A data management head-scratcher: CHAIN taking 30+ seconds -- MIDRANGE-L

Greetings all--

A customer has documented long response times--over 30 seconds--when doing
a read-only CHAIN to an indexed (one key, 36 characters) file, "XXX", with
*IMMED maintenance and *AFTER journaling. The program waits and the
transaction is abandoned by the requestor. *ALL commitment control is not
active. No other apps use this file. The problem is chronic and
intermittent. The system is well-resourced with CPU, memory, and disk.

The program in question--ZED--is a web service acting as a wrapper for the
business app (providing price quotes) and about 50 instances are running
concurrently. Tens of thousands of transactions per day flow through this
app. File XXX has about 5 million records and about 200,000 deleted
records. The job log shows SQL7917, "Access plan not updated", when the
program initiates.

Here's the scenario:

1. At IPL, 50 instances of program ZED are initiated.
2. Each instance opens file XXX as a shared input file. Important fact:
at this point, XXX is not available for “exclusive use”.
3. An instance of ZED leaves its wait state and begins execution.
4. The program executes to the CHAIN to XXX.
5. The database engine—the query optimizer, to be specific—recognizes a
need to rebuild the access path for XXX. We are sure the file is XXX but
SQL7917 doesn't have any details.
6. The query optimizer updates the access path in memory but—and here’s
where there’s trouble in River City—it can’t update the access path
object. According to the second-level text on the error message, this
update requires exclusive access to XXX.
7. Why no exclusive access? Because XXX is open the other 49 copies of
ZED. It's cousin to the database "deadly embrace" design flaw.
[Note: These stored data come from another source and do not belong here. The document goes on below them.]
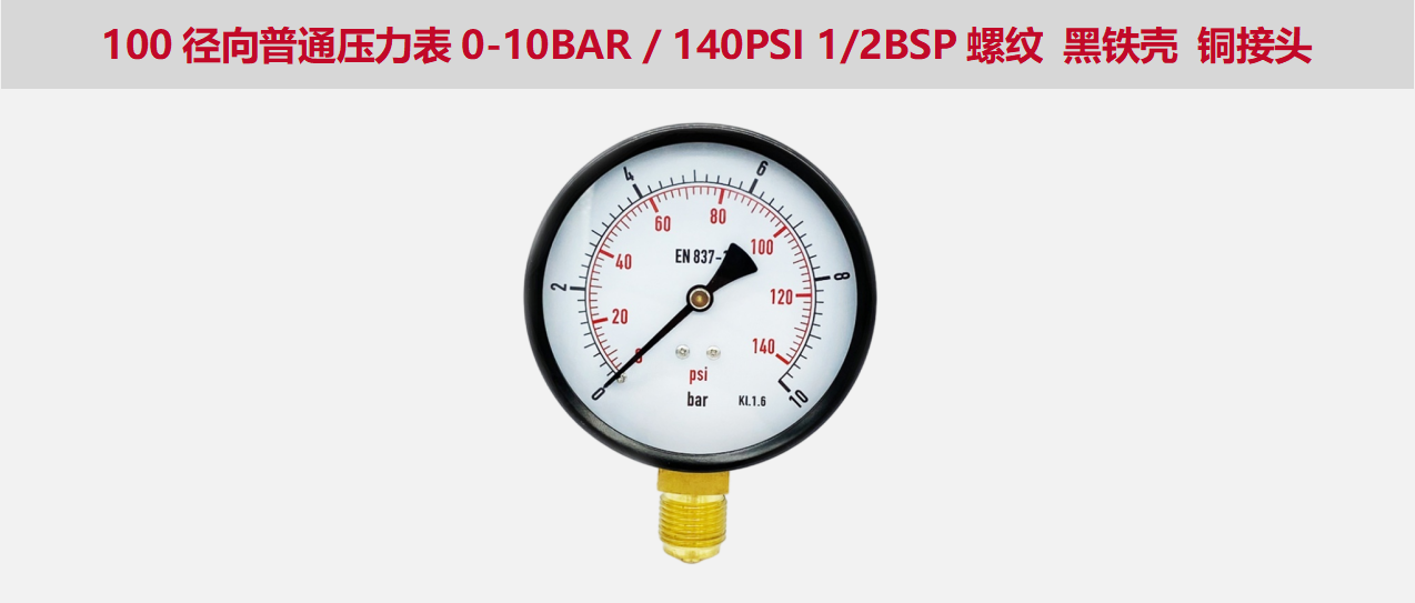 P63径向普通压力表 0-16bar 1/4BSP螺纹
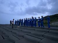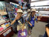 リーダーの先生にじゃんけんで負けてしまうと、新聞が小さくなっていきます。新聞の上に長く立っていられた人が勝ちです。
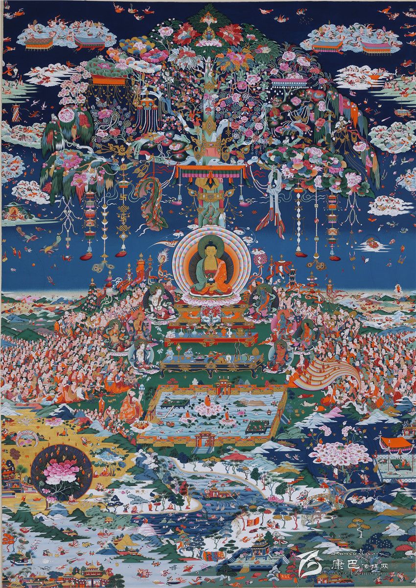 郎卡杰唐卡畫派傳統(tǒng)繪畫藝術(shù)風(fēng)格不僅主導(dǎo)著藏區(qū)東部的藏族美術(shù)文化,而且對整個(gè)藏族美術(shù)的傳承和發(fā)展也有較大影響,特別是對進(jìn)一步研究藏族歷史起著不可估量的巨大作用。
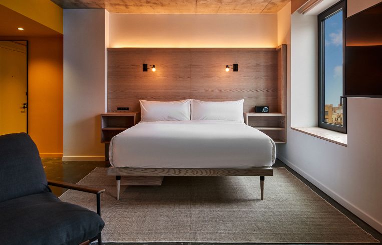 Besides the rooms, the property has a 10,000-square-foot event space on the 12th floor, a top-floor roof deck with sweeping views of Manhattan and the Bronx, and an 8,000-square-foot courtyard on the first floor that will offer extra seating for the restaurant and outdoor space for events.
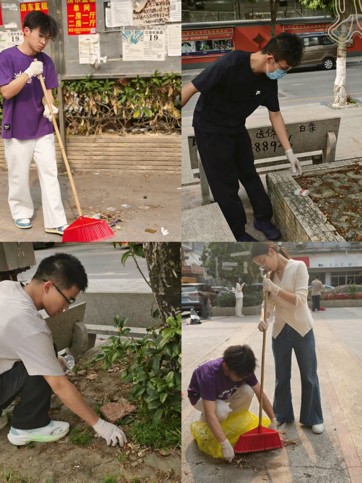 志愿者们统一穿上志愿服,带着扫帚、垃圾夹、垃圾袋、抹布等清洁工具,有序抵达大田村,在当地村干部的统筹安排下,快速分组分工、划定清理区域,全身心投入到人居环境整治工作中。

My hypothesis is this: the query optimizer can't get exclusive use of the
file and can't update the file object with the updated (meaning the 200K
deleted entries are dropped) access path. The resulting wait for the CHAIN
to complete is caused by the database reading through those 200K+ deleted
entries in XXX's index. Because the first instance of ZED ties up the
file, the other 49 instances have the same issue and the access path
remains dirty.

Having deleted entries in the access path doesn't make sense; my
understanding is that the system rebalances the tree dynamically. But the
purge program deleting unneeded records runs while ZED is active and, once
again, no exclusive use of XXX is possible. So, all 50 instances of ZED
are stuck with a dirty index.

My suggestions to the customer:

1. Use SQL instead of a CHAIN (not sure this will work)
2. Create an LF over XXX and use it in ZED.
3. Change the schedule for XXX's purging to be part of the monthly IPL,
when the system is down and we can RGZPFM the file; I'm not sure if a
reorg-while-active will work.
4. Open and close the file within the RPG program; this may provide the
window for the first executing instance to let the access path update
complete.
5. Spawn one instance, wait a minute (or longer, thereby allowing this
first instance to do let the access path update complete), then spawn the
other 49.

What have I missed?

Thank you for any insight/feedback/instruction!

--reeve